"""

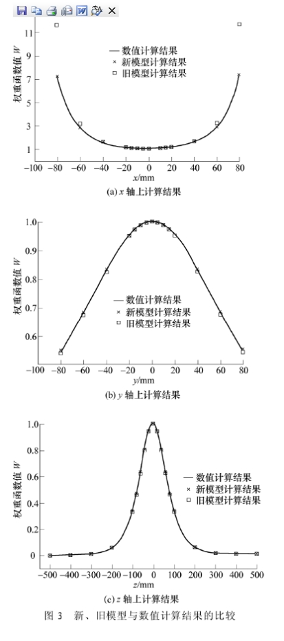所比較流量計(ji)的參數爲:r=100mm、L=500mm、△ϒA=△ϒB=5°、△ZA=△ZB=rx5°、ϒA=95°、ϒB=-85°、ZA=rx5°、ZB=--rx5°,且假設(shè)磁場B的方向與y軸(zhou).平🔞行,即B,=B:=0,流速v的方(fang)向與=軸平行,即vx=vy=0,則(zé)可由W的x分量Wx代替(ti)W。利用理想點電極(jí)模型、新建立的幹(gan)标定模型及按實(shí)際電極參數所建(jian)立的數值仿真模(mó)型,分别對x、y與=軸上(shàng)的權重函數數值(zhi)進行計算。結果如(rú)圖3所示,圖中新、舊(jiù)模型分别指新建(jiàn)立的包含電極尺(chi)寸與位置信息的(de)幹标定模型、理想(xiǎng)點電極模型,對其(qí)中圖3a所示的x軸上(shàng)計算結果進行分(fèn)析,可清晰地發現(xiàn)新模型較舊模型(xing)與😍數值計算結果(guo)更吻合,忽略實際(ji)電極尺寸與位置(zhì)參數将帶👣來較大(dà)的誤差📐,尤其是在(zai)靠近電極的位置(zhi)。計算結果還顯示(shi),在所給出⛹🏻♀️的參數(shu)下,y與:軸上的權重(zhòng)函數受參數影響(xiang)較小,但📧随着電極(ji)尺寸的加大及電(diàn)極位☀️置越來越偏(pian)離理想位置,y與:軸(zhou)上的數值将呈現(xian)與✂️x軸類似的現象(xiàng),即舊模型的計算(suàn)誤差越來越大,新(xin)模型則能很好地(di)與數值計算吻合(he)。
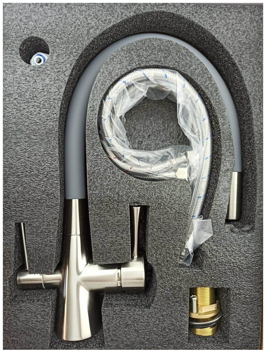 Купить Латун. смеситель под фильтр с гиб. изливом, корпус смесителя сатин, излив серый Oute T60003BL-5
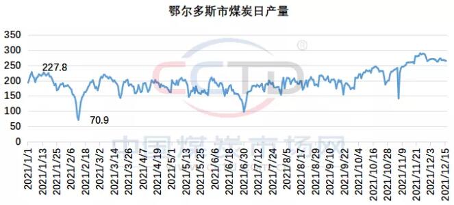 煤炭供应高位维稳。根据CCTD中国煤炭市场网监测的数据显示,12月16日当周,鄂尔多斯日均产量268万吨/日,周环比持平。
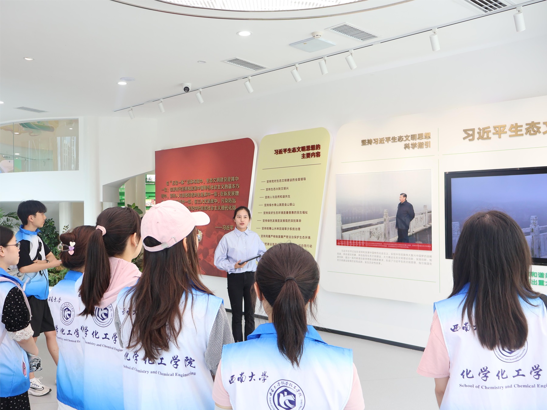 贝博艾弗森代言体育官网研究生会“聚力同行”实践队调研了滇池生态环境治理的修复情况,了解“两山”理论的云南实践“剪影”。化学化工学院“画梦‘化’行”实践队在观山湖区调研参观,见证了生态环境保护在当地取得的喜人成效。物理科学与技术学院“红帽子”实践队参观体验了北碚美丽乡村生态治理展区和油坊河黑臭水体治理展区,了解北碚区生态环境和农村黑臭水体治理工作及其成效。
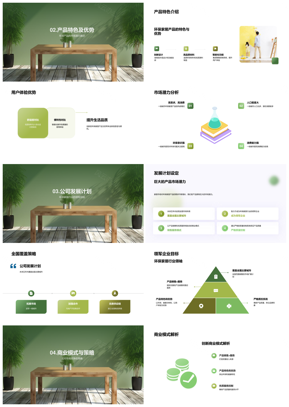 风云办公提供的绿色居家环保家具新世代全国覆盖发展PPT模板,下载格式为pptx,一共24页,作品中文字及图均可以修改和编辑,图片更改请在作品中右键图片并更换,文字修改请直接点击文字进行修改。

"""

» **Exercise description**: Each entry is to be output exactly, and no picture is to appear.

» **Solution for this exercise**:
所比較流量計(ji)的參數爲:r=100mm、L=500mm、△ϒA=△ϒB=5°、△ZA=△ZB=rx5°、ϒA=95°、ϒB=-85°、ZA=rx5°、ZB=--rx5°,且假設(shè)磁場B的方向與y軸(zhou).平🔞行,即B,=B:=0,流速v的方(fang)向與=軸平行,即vx=vy=0,則(zé)可由W的x分量Wx代替(ti)W。利用理想點電極(jí)模型、新建立的幹(gan)标定模型及按實(shí)際電極參數所建(jian)立的數值仿真模(mó)型,分别對x、y與=軸上(shàng)的權重函數數值(zhi)進行計算。結果如(rú)圖3所示,圖中新、舊(jiù)模型分别指新建(jiàn)立的包含電極尺(chi)寸與位置信息的(de)幹标定模型、理想(xiǎng)點電極模型,對其(qí)中圖3a所示的x軸上(shàng)計算結果進行分(fèn)析,可清晰地發現(xiàn)新模型較舊模型(xing)與😍數值計算結果(guo)更吻合,忽略實際(ji)電極尺寸與位置(zhì)參數将帶👣來較大(dà)的誤差📐,尤其是在(zai)靠近電極的位置(zhi)。計算結果還顯示(shi),在所給出⛹🏻♀️的參數(shu)下,y與:軸上的權重(zhòng)函數受參數影響(xiang)較小,但📧随着電極(ji)尺寸的加大及電(diàn)極位☀️置越來越偏(pian)離理想位置,y與:軸(zhou)上的數值将呈現(xian)與✂️x軸類似的現象(xiàng),即舊模型的計算(suàn)誤差越來越大,新(xin)模型則能很好地(di)與數值計算吻合(he)。
 Купить Латун. смеситель под фильтр с гиб. изливом, корпус смесителя сатин, излив серый Oute T60003BL-5
 煤炭供应高位维稳。根据CCTD中国煤炭市场网监测的数据显示,12月16日当周,鄂尔多斯日均产量268万吨/日,周环比持平。
 贝博艾弗森代言体育官网研究生会“聚力同行”实践队调研了滇池生态环境治理的修复情况,了解“两山”理论的云南实践“剪影”。化学化工学院“画梦‘化’行”实践队在观山湖区调研参观,见证了生态环境保护在当地取得的喜人成效。物理科学与技术学院“红帽子”实践队参观体验了北碚美丽乡村生态治理展区和油坊河黑臭水体治理展区,了解北碚区生态环境和农村黑臭水体治理工作及其成效。
 风云办公提供的绿色居家环保家具新世代全国覆盖发展PPT模板,下载格式为pptx,一共24页,作品中文字及图均可以修改和编辑,图片更改请在作品中右键图片并更换,文字修改请直接点击文字进行修改。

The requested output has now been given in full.